JAKARTA - Menteri Koordinator Bidang Perekonomian Airlangga Hartarto sepakat kuota untuk kredit usaha rakyat (KUR) usaha mikro, kecil, dan menengah (UMKM) ditambah. Khususnya untuk sektor produksi.
“Tadi Pak Menteri UMKM (Maman Abdurrahman) sudah mengatakan bahwa produksi ataupun industri harus terus didorong dan tingkat pemanfaatan KUR untuk sektor produksi untuk ditingkatkan. Jadi saya setuju saja Pak Maman," kata Airlangga dalam Pesta Rakyat Untuk Indonesia, di Gedung Smesco Indonesia, Jakarta, Jumat, 22 Agustus.
Airlangga menjelaskan kuota untuk KUR tersebut sebetulnya tidak dibatasi selama masih ada ruang untuk dimanfaatkan. Dia juga bilang pemerintah menambah untuk sektor investasi jangka panjang sebesar Rp20 triliun.
“Jadi kuotanya ditambah, sebetulnya kuotanya itu limitnya tidak terbatas. Selama itu masih bisa dimanfaatkan dan kemarin bahkan kita tambahkan yang investasi jangka panjang untuk di sektor industri sampai Rp20 triliun,” ucapnya.
“Itu mungkin Pak Maman juga bisa dorong yang industri padat karya termasuk makanan minuman itu termasuk industri padat karya,” sambungnya.
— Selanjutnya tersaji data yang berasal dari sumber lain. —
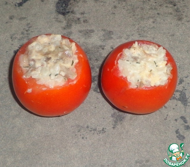 Вкусное и несложное в приготовлении дополнение к основным блюдам в виде запеченных помидоров с аппетитной начинкой.

Sementara itu, Menteri UMKM Maman Abdurrahman mengungkapkan, realisasi KUR UMKM ke sektor produksi sudah mencapai 60,3 persen. Dia bilang angka tersebut dijamin konsisten hingga akhir tahun.
Karena itu, Maman pun mengusulkan adanya tambahan target untuk KUR sisi produksi UMKM menjadi 65 persen.
“Alhamdulillah sampai dengan hari ini, alokasi dari kurang lebih Rp300 triliun tersebut, 60,3 persen sudah teralokasi untuk sektor produksi. Apabila sampai nanti di akhir tahun kita konsisten sudah bisa menyalurkan 60 persen, saya pikir pak Menko, mohon izin mungkin sudah boleh untuk target pengalokasian KUR produksinya kita naikkan di angka 63 atau 65 persen,” tuturnya.
BACA JUGA:
Menurut Maman, penambahan target untuk KUR sektor produksi di atas 60 persen, maka akan menciptakan efek berlapis mulai dari penyerapan tenaga kerja hingga dampak ekonomi.
“Saya menganggap ini penting, karena kalau kita alokasikan KUR itu 60 persen ke sektor produksi, multiplier effect-nya juga banyak, penyerapan tenaga kerja, efek dampak ekonomi dan lain sebagainya juga besar,” kata Maman.